Spymemcached Deep Dive: Thread Model, Sharding, Serializa...

TL;DR

Scenario: Java service integrating with Memcached needs to understand Spymemcached’s thread model, sharding routing and serialization details
Conclusion: Spymemcached implements async IO via NIO+callback, uses ketama consistent hashing for Sharding
Output: Complete architecture breakdown, thread and Sharding mechanism explanation, and error quick reference

Spymemcached Introduction

Spymemcached is a memcached client implemented using NIO.

Protocol Support:

Text Protocol: Pure text-based protocol, easy to debug and read
Binary Protocol: Binary protocol, higher transmission efficiency

Async Communication Mechanism: Uses NIO (Non-blocking I/O) for efficient network communication, handles responses through callback mechanism.
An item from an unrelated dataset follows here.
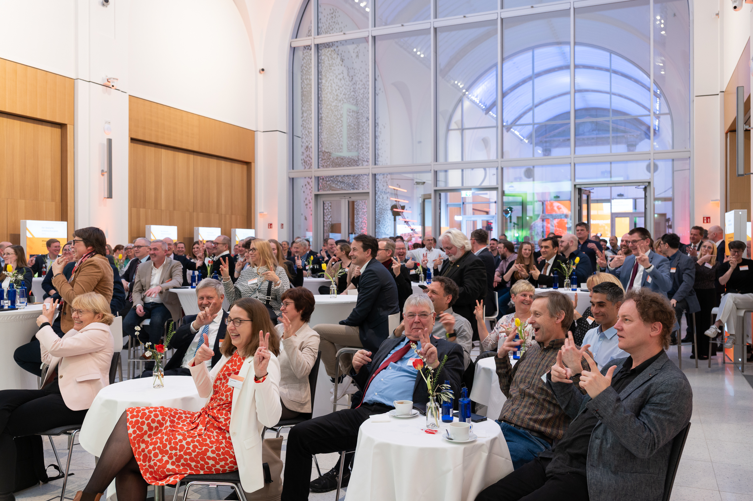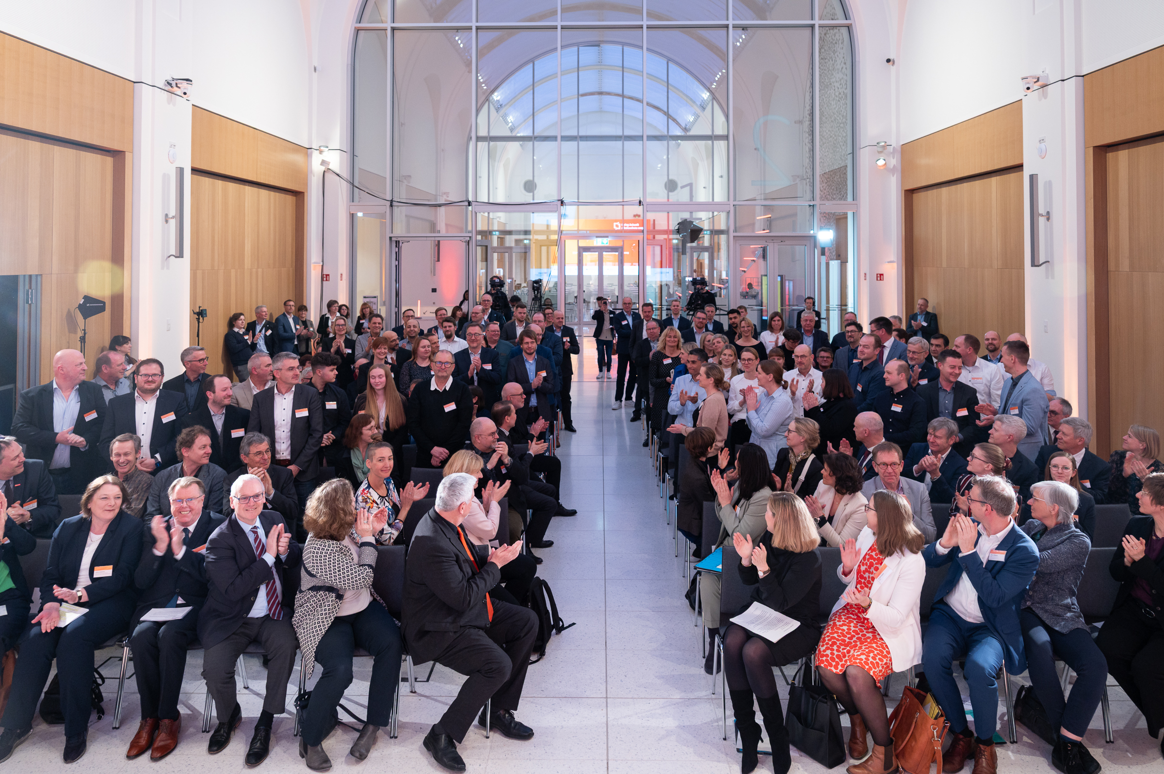 Publikum applaudiert den Nominierten des Deutschen Arbeitsschutzpreises 2025 (Foto: DASP/J. Konrad Schmidt) Download Bild: Applaudierendes Publikum im Veranstaltungssaal, die Nominierten stehend. -

Cluster and Sharding: Supports Sharding mechanism, uses consistent hashing algorithm to allocate keys, supports dynamic node addition and removal.
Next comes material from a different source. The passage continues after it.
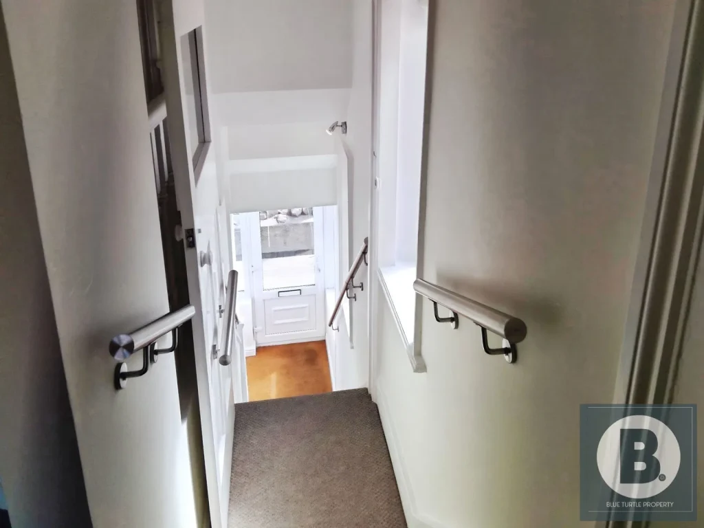 Own secure upvc front door. Hanging rail and shelf, power socket. Stairs with handrail leading up to accommodation.

Overall Design Architecture

API Interface Design: Provides synchronous and asynchronous calling methods
Task Encapsulation Mechanism: Encapsulates requests as independent Task objects
Routing Partition Strategy: Uses consistent hashing algorithm to determine target node
Task Queue Management: Each connection maintains independent task queue
Async IO Processing Flow: Selector monitors IO events for all connections
Response Processing Mechanism: Matches original Task based on opaque field, executes callback

Thread Design

Spymemcached has two types of threads: business threads and Selector threads.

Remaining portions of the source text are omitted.